Make an exact copy of all the entries, but do not reproduce the pictures.

..............................

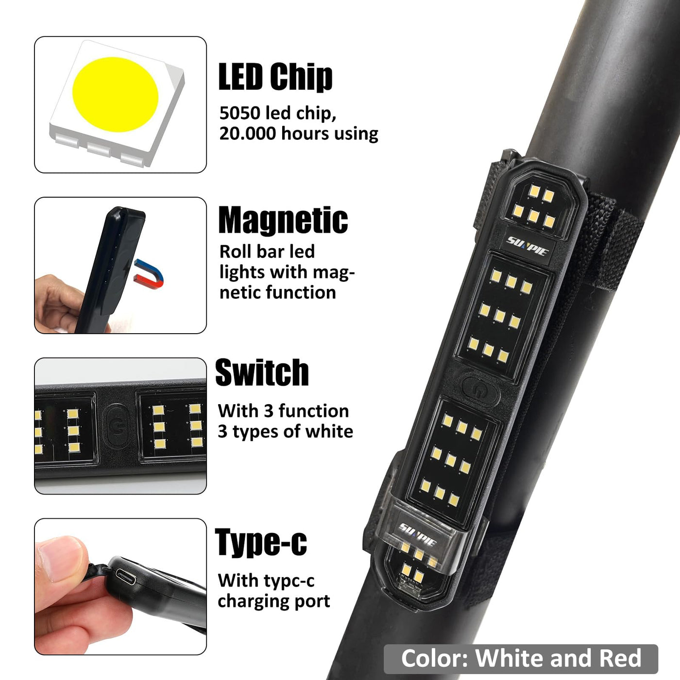 Description Illuminate your UTV adventures with SUNPIE utv accessories cutting-edge UTV Dome Light. Engineered for ultimate versatility, this dome light features 56 high-performance SMD LEDs strategically placed to ensure optimal lighting. With three distinct brightness settings, from strong white light to low light, you can customize your illumination to suit any situation. The built-in clip and magnet provide multiple mounting options, making installation a breeze no matter where your journey takes you. Durable: SUNPIE can am defender accessories UTV dome lights Built to withstand rugged off-road conditions, our UTV dome lights are constructed from high-quality materials for long-lasting performance. Versatile Use: Whether you're working on your UTV or enjoying a night ride, sunpie utv dome lights offer the perfect lighting solution for any situation. Universal Compatibility: SUNPIE honda talon accessories roll bar led lights feature a universal roll bar mount, ensuring compatibility with most UTV models. The roll bar led lights design with magnet as well, which can attach to any metal surface. Whats more, the utv led lights with clip design, easily to clip any place. polaris ranger accessories Dome light for utv with bright led chip, fit for roll bar, play a role of interior lights for utv polaris rzr and so on. As a utv accessories lights or emergency lights for outside.
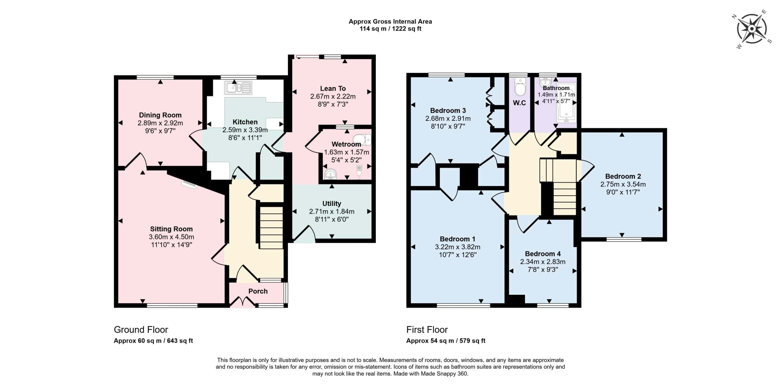 Ground floor porch into hallway, sitting room, dining room, kitchen, side lobby, utility, wetroom and lean to. First floor landing, four bedrooms, bathroom and W.C.
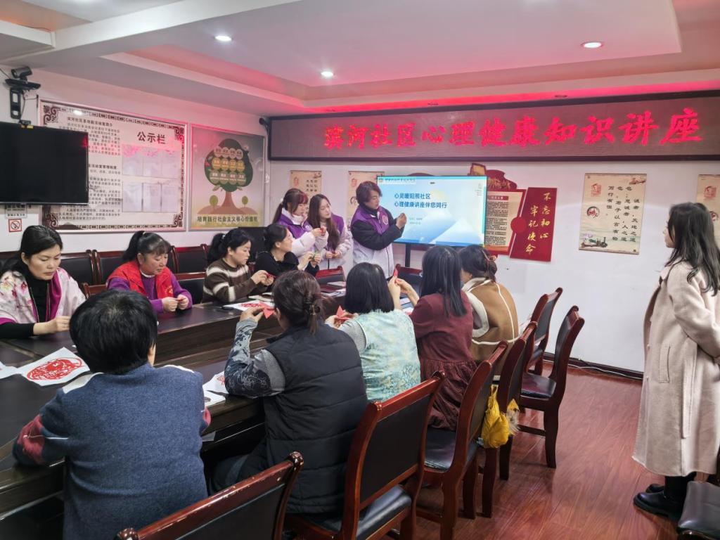 12月12日下午,陕西财经职业技术学院经济与金融学院心理服务站老师白倩倩和一众学生志愿者受邀,前往渭阳街道滨河社区,为一线社区工作人员举办了一场特别的“心灵暖阳照社区”心理健康专题活动。活动旨在帮助这些身处基层服务岗位的工作者舒缓压力、保持良好心态。
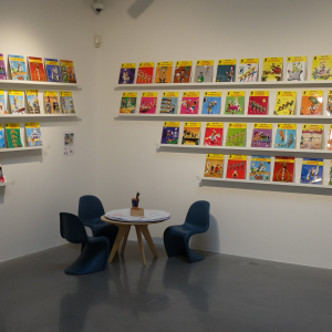 Aussi, pour nous replonger dans l’œuvre foisonnante de « Morris », un espace lecture est aménagé, nous proposant des albums, édités en quatre langues (allemand, anglais, français & néerlandais).
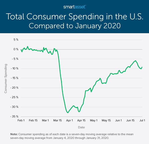 One way to visualize the recession’s shape thus far is to examine consumer spending. Consumer spending accounts for roughly 68% of U.S. GDP, and thus drastically impacts the length and severity of a recession. In this study, SmartAsset took a closer look at consumer spending in the U.S. during COVID-19.
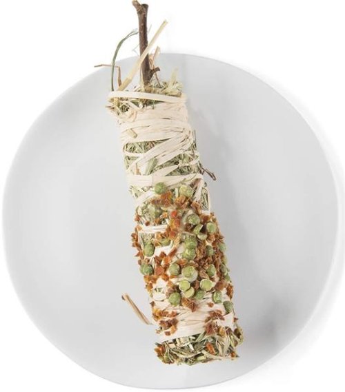 Witte Molen PUUR – skutečný požitek z ryzích přírodních chutí a vůní. PUUR pauze hay stick vegetable je lahodná tyčka ze sena, se zeleninou. 100% přírodní zábavný pamlsek pro býložravé drobné savce. Králíci, morčata, činčily a osmáci si nejen pochutnají na voňavém seně, sušeném hrášku a mrkvi, ale zároveň rozplétáním tyčky zaženou nudu. Pamlsek stimuluje přirozený hlodací instinkt a podporuje tak zdraví zubů. Navíc obsažená hrubá vláknina přispívá k správnému fungování trávení. Vyrobeno v Holandsku ve společnosti Witte Molen s tradicí od roku 1740. Složení: Vedlejší produkty rostlinného původu (86 % seno), zelenina (7 % mrkev, 7 % hrášek).
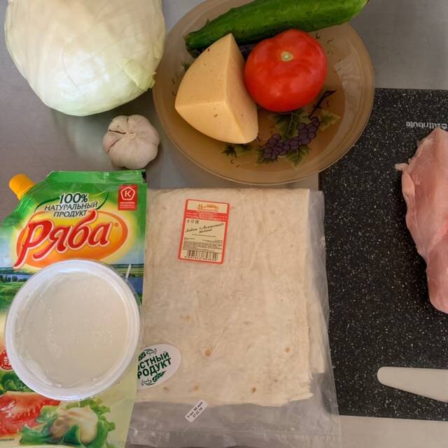 Как только курица будет готова, выключаем плиту, и оставляем остывать. Тем временем режем овощи. Капусту режем как можно мельче. Помидоры и огурцы лучше нарезать, также как и курицу, слайсами. Остывшую курицу нарезаем помельче. Натираем сыр. Вообще, сыр не входит в состав классической шаурмы, но я сыр очень люблю, поэтому решила добавить и его.
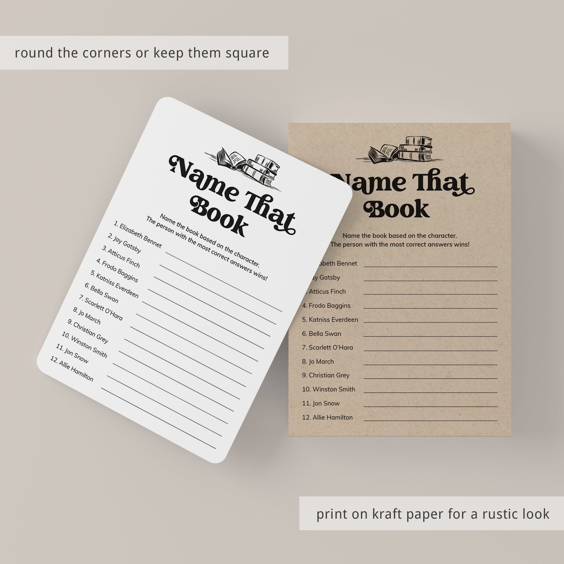 Think you know your book characters? Put your literary knowledge to the test with this fun Name That Book game! Perfect for a Book Club meeting or Reading Group Party, this game challenges players to match 12 famous characters, like Jay Gatsby and Jo March, to the books they came from.
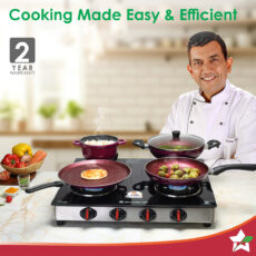 Galaxy 4 Burner Cooktop | 2 Medium, 2 Small Wide Spaced Burners | Highly Efficient Tri-pin Brass Burners | Precise Flame Control | BIS Approved 6mm Toughened Glass Top | 2 Year Warranty
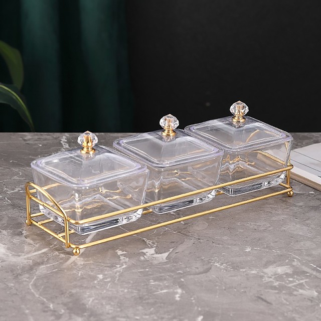 蒂拉 轻奢水果盘玻璃分格小吃盘糖果盒家用客厅茶几酒吧ktv零食干果碟 透明玻璃果碟3个(带盖)+3格金属托盘
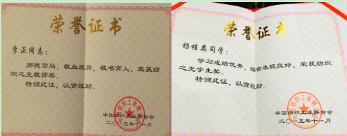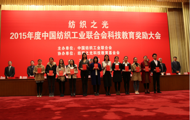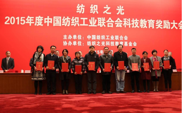 11月24日,由中国纺织工业联合会主办,纺织之光科技教育基金会协办的“纺织之光2015年度中国纺织工业联合会科技教育奖励大会”在人民大会堂召开。中国纺织工业联合会会长王天凯,原会长杜钰洲,副会长兼秘书长、纺织之光科技教育基金会理事长高勇,副会长孙瑞哲、杨纪朝,副会长、纺织之光科技教育基金会副理事长夏令敏,党委副书记陈伟康,纪委书记、人事部主任王久新,顾问陈树津、张延恺等领导出席大会并为获奖代表颁奖。大会分别颁发成果奖、教育教学成果奖、教师奖、学生奖、针织内衣创新奖等奖项并授予全国纺织行业技术能手荣誉称号。

..............................

## REPLY TO THE EXERCISE
 Description Illuminate your UTV adventures with SUNPIE utv accessories cutting-edge UTV Dome Light. Engineered for ultimate versatility, this dome light features 56 high-performance SMD LEDs strategically placed to ensure optimal lighting. With three distinct brightness settings, from strong white light to low light, you can customize your illumination to suit any situation. The built-in clip and magnet provide multiple mounting options, making installation a breeze no matter where your journey takes you. Durable: SUNPIE can am defender accessories UTV dome lights Built to withstand rugged off-road conditions, our UTV dome lights are constructed from high-quality materials for long-lasting performance. Versatile Use: Whether you're working on your UTV or enjoying a night ride, sunpie utv dome lights offer the perfect lighting solution for any situation. Universal Compatibility: SUNPIE honda talon accessories roll bar led lights feature a universal roll bar mount, ensuring compatibility with most UTV models. The roll bar led lights design with magnet as well, which can attach to any metal surface. Whats more, the utv led lights with clip design, easily to clip any place. polaris ranger accessories Dome light for utv with bright led chip, fit for roll bar, play a role of interior lights for utv polaris rzr and so on. As a utv accessories lights or emergency lights for outside.
 Ground floor porch into hallway, sitting room, dining room, kitchen, side lobby, utility, wetroom and lean to. First floor landing, four bedrooms, bathroom and W.C.
 12月12日下午,陕西财经职业技术学院经济与金融学院心理服务站老师白倩倩和一众学生志愿者受邀,前往渭阳街道滨河社区,为一线社区工作人员举办了一场特别的“心灵暖阳照社区”心理健康专题活动。活动旨在帮助这些身处基层服务岗位的工作者舒缓压力、保持良好心态。
 Aussi, pour nous replonger dans l’œuvre foisonnante de « Morris », un espace lecture est aménagé, nous proposant des albums, édités en quatre langues (allemand, anglais, français & néerlandais).
 One way to visualize the recession’s shape thus far is to examine consumer spending. Consumer spending accounts for roughly 68% of U.S. GDP, and thus drastically impacts the length and severity of a recession. In this study, SmartAsset took a closer look at consumer spending in the U.S. during COVID-19.
 Witte Molen PUUR – skutečný požitek z ryzích přírodních chutí a vůní. PUUR pauze hay stick vegetable je lahodná tyčka ze sena, se zeleninou. 100% přírodní zábavný pamlsek pro býložravé drobné savce. Králíci, morčata, činčily a osmáci si nejen pochutnají na voňavém seně, sušeném hrášku a mrkvi, ale zároveň rozplétáním tyčky zaženou nudu. Pamlsek stimuluje přirozený hlodací instinkt a podporuje tak zdraví zubů. Navíc obsažená hrubá vláknina přispívá k správnému fungování trávení. Vyrobeno v Holandsku ve společnosti Witte Molen s tradicí od roku 1740. Složení: Vedlejší produkty rostlinného původu (86 % seno), zelenina (7 % mrkev, 7 % hrášek).
 Как только курица будет готова, выключаем плиту, и оставляем остывать. Тем временем режем овощи. Капусту режем как можно мельче. Помидоры и огурцы лучше нарезать, также как и курицу, слайсами. Остывшую курицу нарезаем помельче. Натираем сыр. Вообще, сыр не входит в состав классической шаурмы, но я сыр очень люблю, поэтому решила добавить и его.
 Think you know your book characters? Put your literary knowledge to the test with this fun Name That Book game! Perfect for a Book Club meeting or Reading Group Party, this game challenges players to match 12 famous characters, like Jay Gatsby and Jo March, to the books they came from.
 Galaxy 4 Burner Cooktop | 2 Medium, 2 Small Wide Spaced Burners | Highly Efficient Tri-pin Brass Burners | Precise Flame Control | BIS Approved 6mm Toughened Glass Top | 2 Year Warranty
 蒂拉 轻奢水果盘玻璃分格小吃盘糖果盒家用客厅茶几酒吧ktv零食干果碟 透明玻璃果碟3个(带盖)+3格金属托盘
 11月24日,由中国纺织工业联合会主办,纺织之光科技教育基金会协办的“纺织之光2015年度中国纺织工业联合会科技教育奖励大会”在人民大会堂召开。中国纺织工业联合会会长王天凯,原会长杜钰洲,副会长兼秘书长、纺织之光科技教育基金会理事长高勇,副会长孙瑞哲、杨纪朝,副会长、纺织之光科技教育基金会副理事长夏令敏,党委副书记陈伟康,纪委书记、人事部主任王久新,顾问陈树津、张延恺等领导出席大会并为获奖代表颁奖。大会分别颁发成果奖、教育教学成果奖、教师奖、学生奖、针织内衣创新奖等奖项并授予全国纺织行业技术能手荣誉称号。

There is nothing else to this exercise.